Overseas expansion is not, for the moment, a preoccupation as, historically, the private equity team has focused on the UK marketplace. However, Aberdeen has indicated a desire to expand the private equity network into Europe. This is a medium- to long-term aim and will only happen should the company find suitable local partners to work with that possess experience in the small- to mid-sized marketplace.

Given the recent telecoms fall-out, “sticking to the knitting” seems to be serving AMJPE well. Deal flow, says Diggines, “has blossomed over the past year or so”, benefiting from the broad-broom approach. The firm is second only to 3i as leading equity investor in the UK over the past five years, according to a recent survey. Yet Diggines insists on the same characteristics in any venture under consideration: “We want to see a quality management team, sustainability of cash flow, ability to deliver a profit, the dynamics of the marketplace, the scalability of the business model, the quality of the customer base, the opportunity for real growth and, of course, an exit.”

Being something of a contrarian has also meant that the firm has not followed the trend of lifting fund sizes and extending its investment parameters. By sticking doggedly to its small to mid-cap patch it has raised its profile there, developed networks, built relationships and is rapidly filling a space that some analysts feel has found its time. Certainly it is a space where there is greater potential after the departure of a number of private equity firms from this level.

As the economic downturn proceeds, big companies will look increasingly to cost cutting and a concentration on core business. This will generate spin-offs, with increasing MBO and MBI activity in the very segments AMJPE serves. Further, said Diggines, although country-specific VC opportunities in the mid-market and below have not been on the investors’ horizon over the past few years “there is enormous potential here, especially for institutions who may currently be under growing pressure to move away from traditional asset classes such as property and stocks.”

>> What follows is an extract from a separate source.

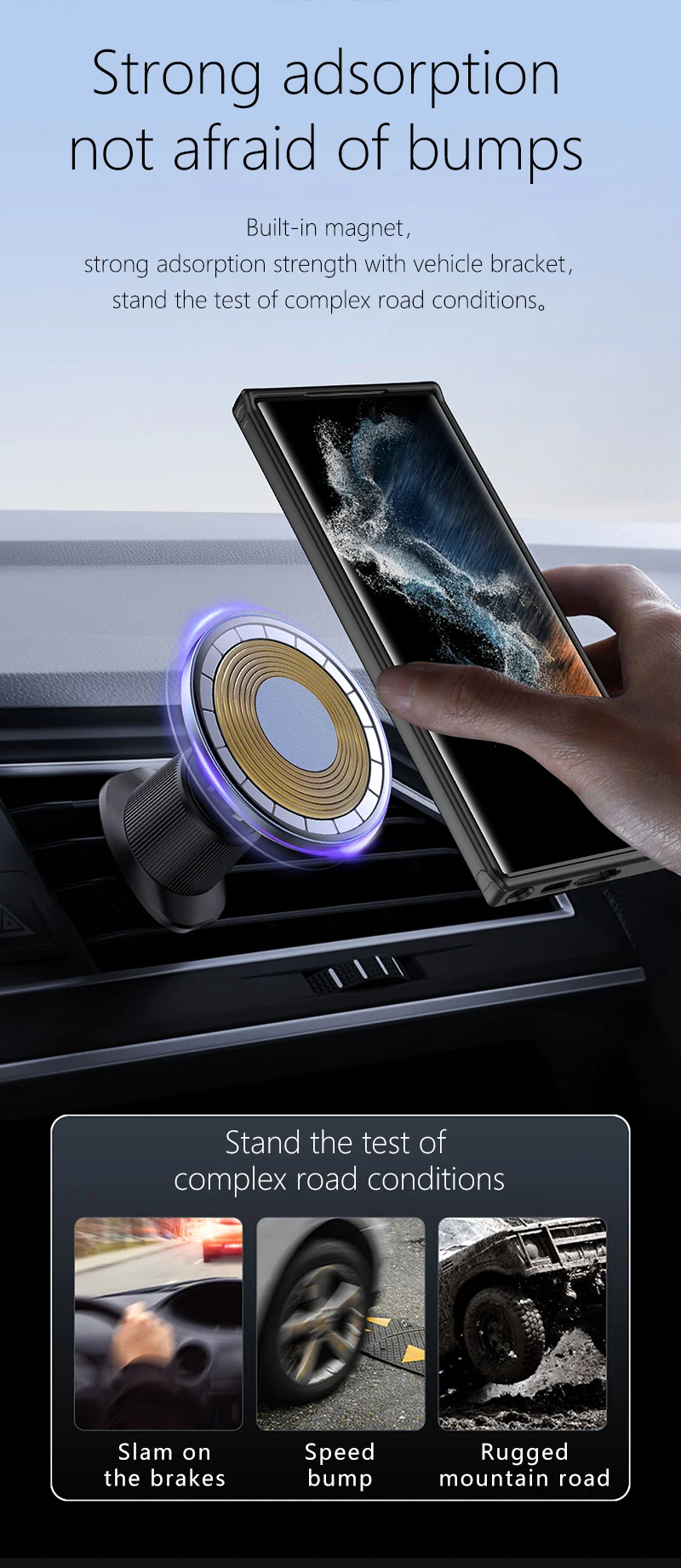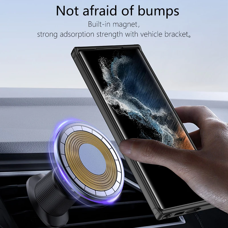 El anillo magnético en la funda no coincide con el lugar de carga sin contacto en el teléfono S24 Ultra. Si planeas usar esta funda en un coche con soporte magnético y carga sin contacto, no la recomiendo; desafortunadamente, no funcionará.

The mid-market sector has consistent deal flow and private equity returns have easily outperformed the FTSE over the past ten years. Indeed, the two component houses of AMJPE have, over the past 20 years, managed a regular internal rate of return in the region of 20 per cent on average.

More than 40 people work within AMJPE’s seven regional offices, a number that has recently grown to supply greater back-up provision, problem-solving and general portfolio management. There are investment teams of three or four people per regional office, with never less than two people working on a particular deal. Two senior regional directors report to Diggines: Hugh Little, who joined Aberdeen Asset Management in 1987, heads the private equity division in Scotland while Gary Tipper, who joined Murray Johnstone in 1993, heads the English division.

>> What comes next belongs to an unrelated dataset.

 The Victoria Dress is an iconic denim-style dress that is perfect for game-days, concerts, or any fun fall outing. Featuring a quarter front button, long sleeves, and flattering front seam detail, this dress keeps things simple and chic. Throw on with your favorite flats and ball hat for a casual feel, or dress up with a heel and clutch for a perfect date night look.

With more than 160 companies in AMJPE’s portfolio, staff are kept busy. Deal flow is strong and initiatives plentiful. At the exit end of the business, says Diggines, “things are going well; we have had some very good exits”. AMJPE’s generalist strategy has given the firm a wide spread of businesses, the better to weather an inclement economic climate than many rival houses that tend to be more specialist.

“Our companies have always been attractive targets and much less than ten per cent of our exits are via an IPO.

Our wide experience in both investments and trade sales has made us experts at buying and selling.”

A glance at some of the firm’s recent deals shows the scale and scope of its activities. In September, for instance, AMJPE featured in the buy-in, management buyout (BIMBO), for an undisclosed sum, of West Bromwich company CAP Aluminium Systems, the market leader in aluminium glazing systems for commercial buildings.

AMJPE acted alongside corporate finance advisers Invex. Fortis Bank provided senior debt and working capital facilities. CAP, established in 1983, has an annual turnover in excess of GBP20 million and is the largest of its kind in the UK. It employs more than 170 staff. Private equity funding of GBP6 million was arranged by Chris Hurley, assistant director, private equity division, at AMJPE’s Birmingham office.

Also in September, AMJPE’s Glasgow team completed a lead investor role in a GBP5.4 million syndicated investment in CITEL Technologies, the Nottingham-based Internet protocol (IP) telephony products company. CITEL has developed a solution to bridge traditional telephone systems to the new IP-based telephony. The company received more than GBP2 million from clients of AMJPE with further first-time funding coming from Gartmore Investments and TG Portfolios. Additional follow-on funding came from existing investors, including Albany Ventures and Advent Venture Partners.